=== Section Start ===

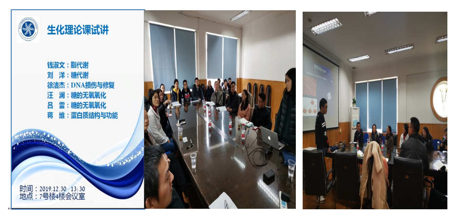 为帮助新任课教师更好地走上讲台,快速顺利进入教师角色,进一步提高课堂教学质量和教学水平,加强教学管理,12月30日下午,生物化学与分子生物学系在生化系4楼会议室开展了引进人才新进教师专题试讲活动。本次活动由主管教学的王丽影老师主持,系党支部书记潘东宁教授、教学经验丰富的吴兴中教授、莫炜、黄海艳、李增霞、徐莺莺、郭亮老师及系里的各位青年教师及引进人才出席。
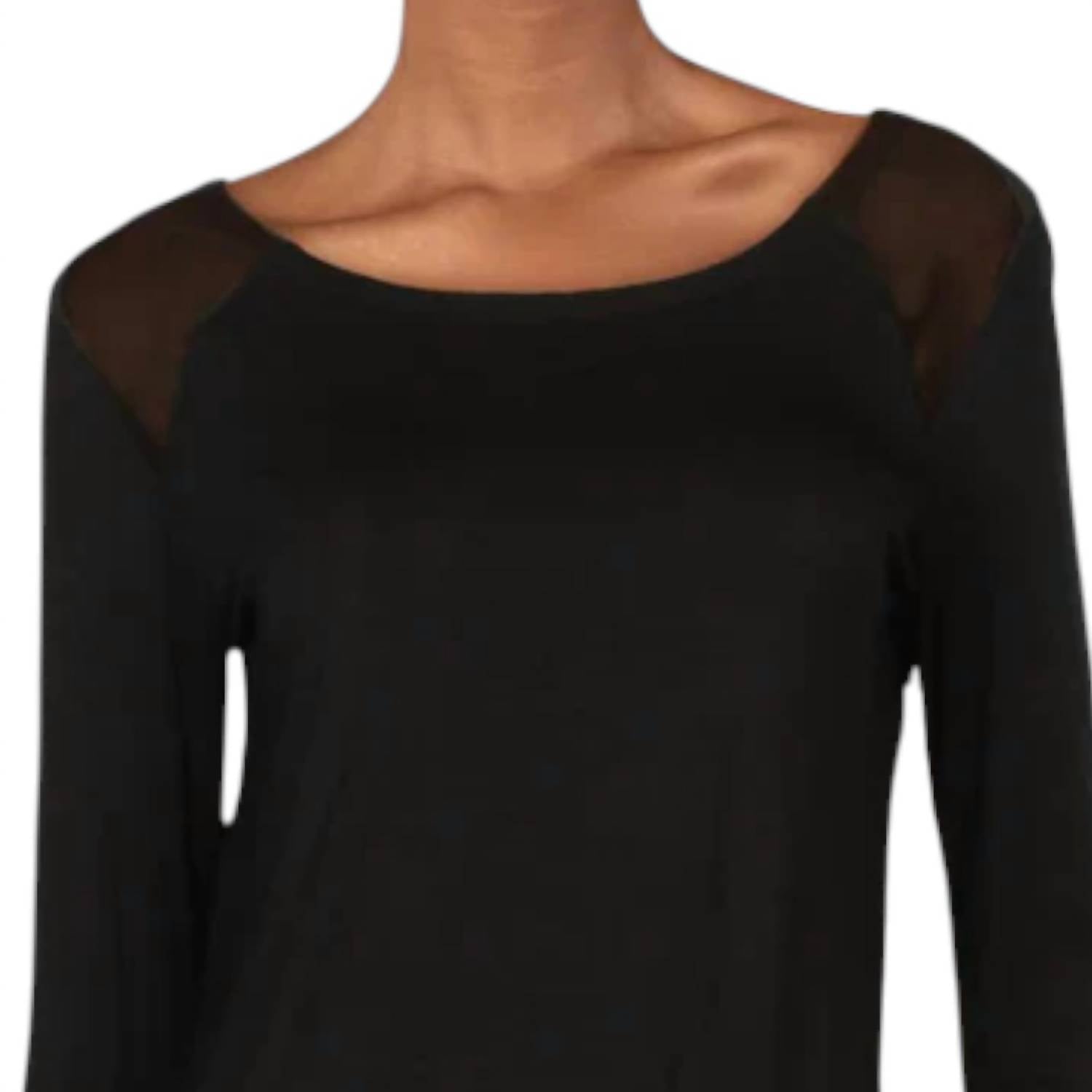 The perfect long sleeve tee that goes with just about anything. Experience the perfect blend of style and functionality with the Sport Splitback Activewear Top by Nicole Miller, crafted in a solid black hue. Featuring long sleeves with thumbhole cuffs, this pullover top is made from a comfortable stretch fabric composed of 95% rayon and 5% spandex. It includes mesh inserts to keep you cool and dry and boasts a unique split back detail. Care instructions: Hand wash and line dry.
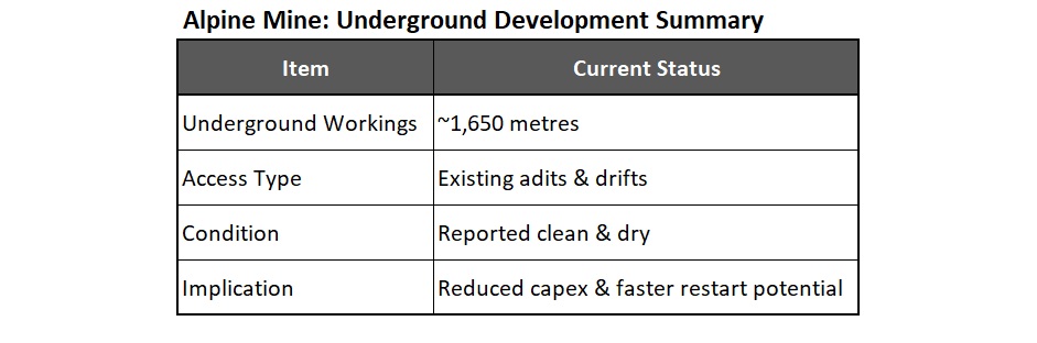 Alpine is a past-producing underground mine with:
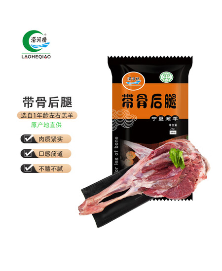 涝河桥 宁夏滩羊 国产带骨羊后腿 4斤/条 生鲜羊肉烧烤食材
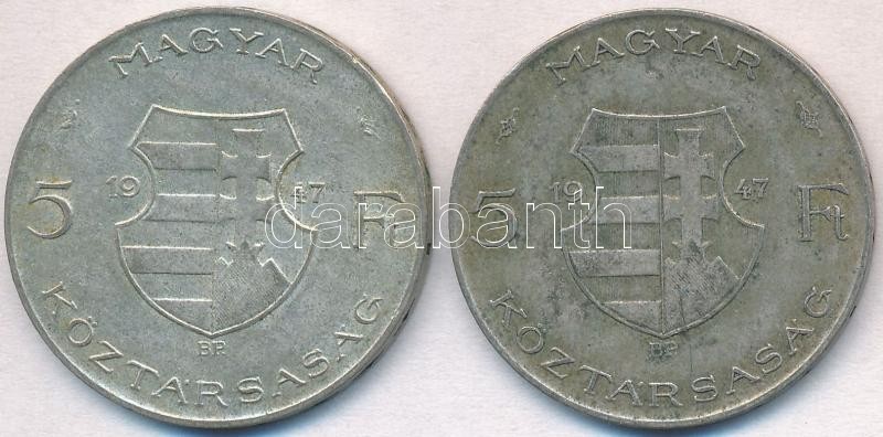 Leírás: 1947. 5Ft Ag "Kossuth" (2x) T:2,2- patina
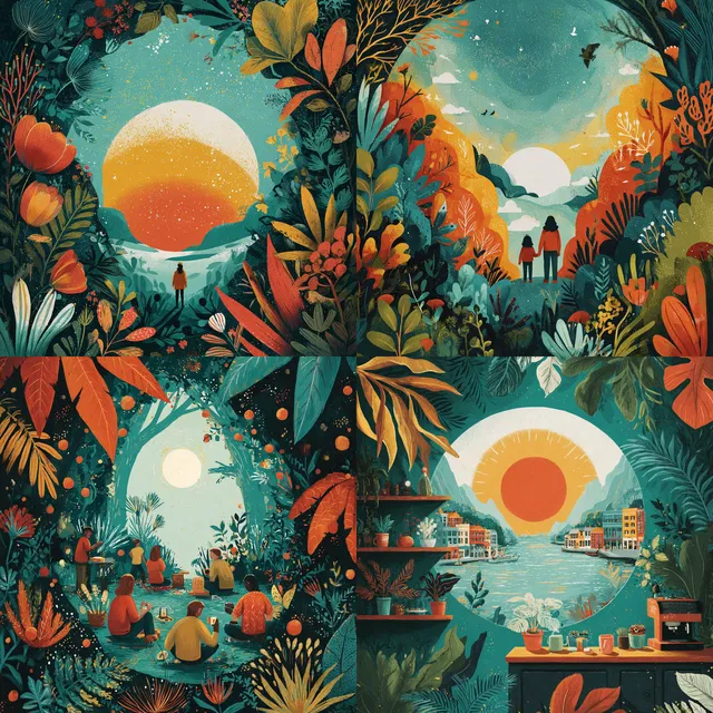 Для этого стиля характерны яркие цветовые палитры и игривые мотивы. Он отличается пышными композициями, вдохновлёнными природой. Использование смелых контрастов и динамичных макетов создаёт живую и весёлую атмосферу, напоминающую наивное искусство и народные традиции.
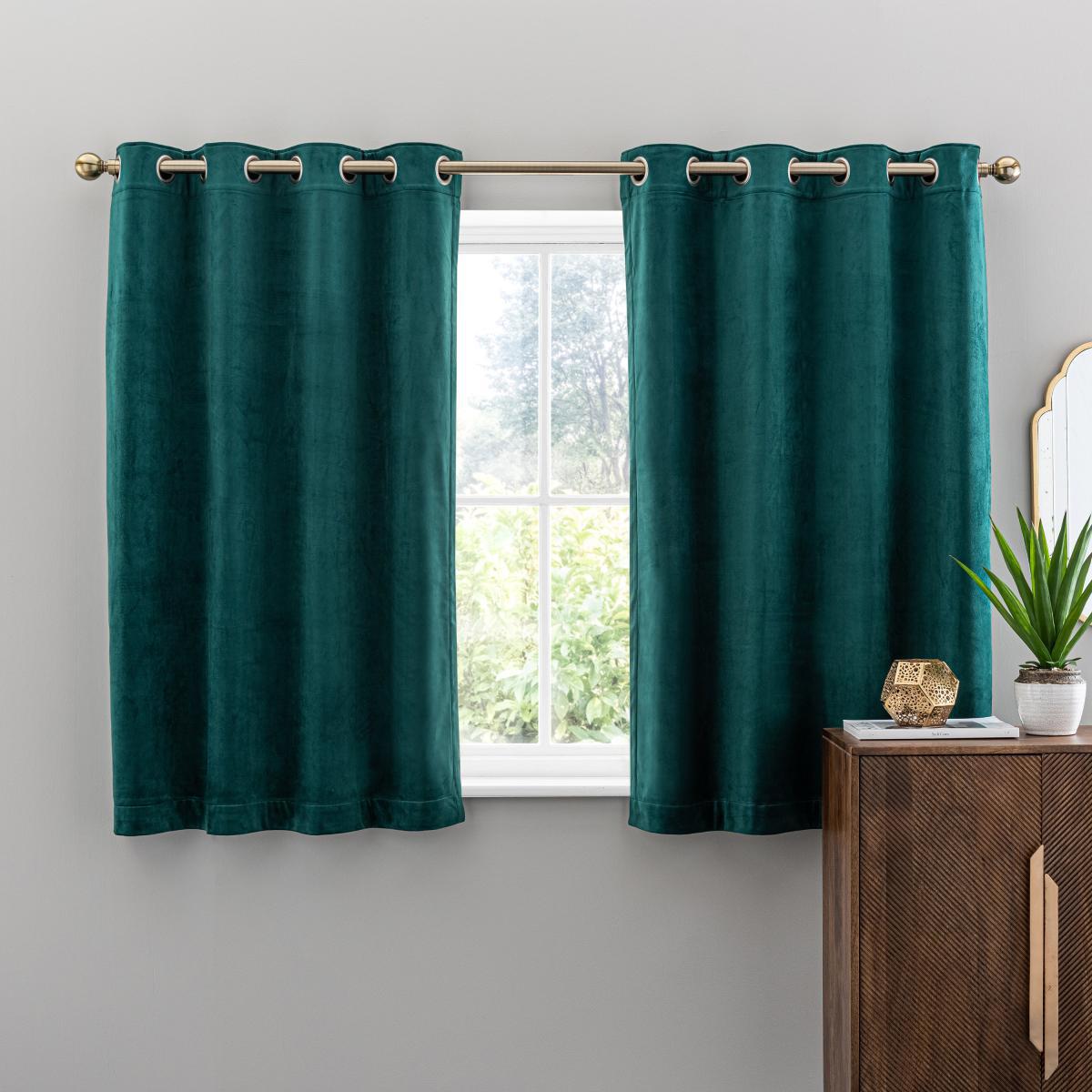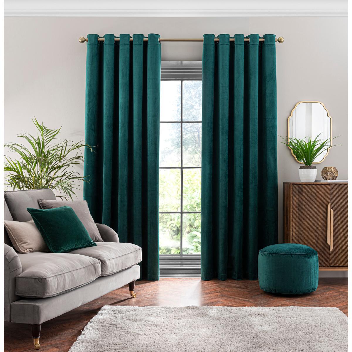 Crafted with three layers of blackout coating for premium performance, the elegant Isla Ultra Blackout curtains are ideal for ensuring maximum light block and feature a plain design to complement any room. These curtains are easy to hang and are designed with a discreet blackout-lined panel which folds down behind your curtain pole to prevent light coming through the eyelets. Fashioned with secure Velcro fastenings which attach to your curtain pole, these curtains wrap around your window to prevent light from entering at the sides of the curtain and are perfect for ensuring maximum light block. The blackout coating also features thermal properties, allowing these curtains to improve insulation by blocking out heat in summer and maintaining warmth in winter. Fashioned from a soft emerald velvet fabric for a sophisticated finish, these curtains bring a stylish edge to any room and are perfect for improving privacy and ensuring a great night’s sleep. Available in a selection of sizes to suit your requirements. Don't forget your. Curtain pole. For our hanging guide, please click. Here. Please note: these curtains are sold as a pair.

=== Section End ===

Exercise objective:
Your copy must match the records above exactly, apart from the pictures, which are excluded.

Written response:
 为帮助新任课教师更好地走上讲台,快速顺利进入教师角色,进一步提高课堂教学质量和教学水平,加强教学管理,12月30日下午,生物化学与分子生物学系在生化系4楼会议室开展了引进人才新进教师专题试讲活动。本次活动由主管教学的王丽影老师主持,系党支部书记潘东宁教授、教学经验丰富的吴兴中教授、莫炜、黄海艳、李增霞、徐莺莺、郭亮老师及系里的各位青年教师及引进人才出席。
 The perfect long sleeve tee that goes with just about anything. Experience the perfect blend of style and functionality with the Sport Splitback Activewear Top by Nicole Miller, crafted in a solid black hue. Featuring long sleeves with thumbhole cuffs, this pullover top is made from a comfortable stretch fabric composed of 95% rayon and 5% spandex. It includes mesh inserts to keep you cool and dry and boasts a unique split back detail. Care instructions: Hand wash and line dry.
 Alpine is a past-producing underground mine with:
 涝河桥 宁夏滩羊 国产带骨羊后腿 4斤/条 生鲜羊肉烧烤食材
 Leírás: 1947. 5Ft Ag "Kossuth" (2x) T:2,2- patina
 Для этого стиля характерны яркие цветовые палитры и игривые мотивы. Он отличается пышными композициями, вдохновлёнными природой. Использование смелых контрастов и динамичных макетов создаёт живую и весёлую атмосферу, напоминающую наивное искусство и народные традиции.
 Crafted with three layers of blackout coating for premium performance, the elegant Isla Ultra Blackout curtains are ideal for ensuring maximum light block and feature a plain design to complement any room. These curtains are easy to hang and are designed with a discreet blackout-lined panel which folds down behind your curtain pole to prevent light coming through the eyelets. Fashioned with secure Velcro fastenings which attach to your curtain pole, these curtains wrap around your window to prevent light from entering at the sides of the curtain and are perfect for ensuring maximum light block. The blackout coating also features thermal properties, allowing these curtains to improve insulation by blocking out heat in summer and maintaining warmth in winter. Fashioned from a soft emerald velvet fabric for a sophisticated finish, these curtains bring a stylish edge to any room and are perfect for improving privacy and ensuring a great night’s sleep. Available in a selection of sizes to suit your requirements. Don't forget your. Curtain pole. For our hanging guide, please click. Here. Please note: these curtains are sold as a pair.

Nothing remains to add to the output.